12 July 2024, 07:15 uur
Den Haag & Regio
mainImage
NMSG95

Voor het voormalig Joegoslavië Tribunaal aan het Churchillplein in Den Haag is donderdag een krans gelegd door bestuursleden van de stichting Nationaal Monument Srebrenica Genocide ‘95.

Bestuurslid Samir Hajdarević noemde tijdens zijn speech het gemis van een monument ter nagedachtenis aan de slachtoffers van de genocide in Srebrenica in 1995. “Bijna drie decennia na deze tragische gebeurtenis is er nog steeds geen tastbaar eerbetoon om de 8.372 vermoorde Bosniak-mannen en -jongens te herdenken.” De stichting heeft in de afgelopen jaren nauw samengewerkt met de gemeente Den Haag om een geschikte locatie te vinden voor een monument.

De Haagse wethouder Saskia Bruines van Financiën, Cultuur en Economische ontwikkeling sprak tijdens de herdenking. “De genocide van Srebrenica is ons gedeeld verleden. Juist daarom vindt de gemeente Den Haag het belangrijk dat er een waardig monument komt dat herinnert aan de slachtoffers van Srebrenica. Samen met alle betrokken organisaties en groeperingen werken we aan het realiseren ervan. Hopelijk is het volgend jaar klaar.”

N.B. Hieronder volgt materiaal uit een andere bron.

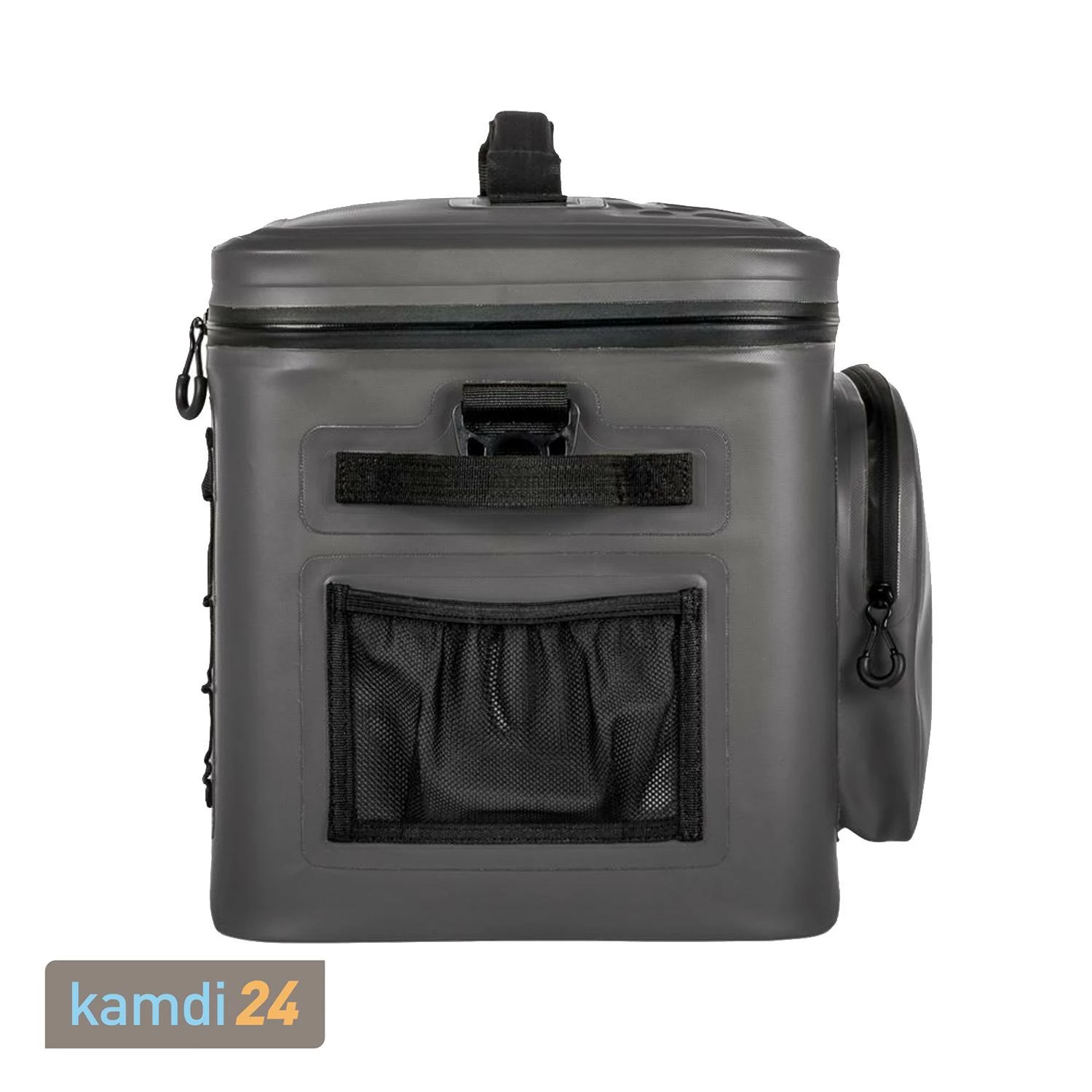 Die ist mit einem und einem ausgestattet, sodass Sie sie bequem transportieren können. Mittels für Karabiner und Co. lässt sich die Tasche zudem sicher in Ihrem Auto oder Boot befestigen. Weitere Ausstattungsmerkmale der Petromax-Kühltasche sind vier an der Außenseite angebrachte Taschen, etwa für oder , und ein praktischer Flaschenöffner.

De NOS meldde donderdag dat een monument bij het voormalig Joegoslavië Tribunaal op problemen stuit. "Het Rijk, eigenaar van het gebouw, heeft een gegadigde voor het gebouw, een internationale organisatie die zich er wil vestigen, met de nodige veiligheidseisen. Dan is een monument waar regelmatig bezoekers komen en bijeenkomsten zijn geen ideale invulling", aldus een betrokkene tegen de NOS. Daarom is de gemeente op zoek naar een tijdelijke locatie, in afwachting van overeenstemming over een permanente plek.

Dutchbat III

Tijdens de oorlog in Joegoslavië van 1991 tot 1999 viel op 11 juli 1995 de Bosnische enclave Srebrenica in handen van de Bosnische-Servische troepen. Tijdens die inname werden meer dan 8.000 Bosniak-mannen en -jongens gedeporteerd en vermoord. De enclave stond onder toezicht van Nederlandse UNPROFOR-militairen, beter bekend als Dutchbat III. Zij waren niet in staat deze genocide te voorkomen. De Bosnisch-Servische militairen stonden onder leiding van generaal Ratko Mladic, die net als de politieke leider Slobodan Milosevic, later berecht werd door het Joegoslavië tribunaal van de Verenigde Naties in Den Haag.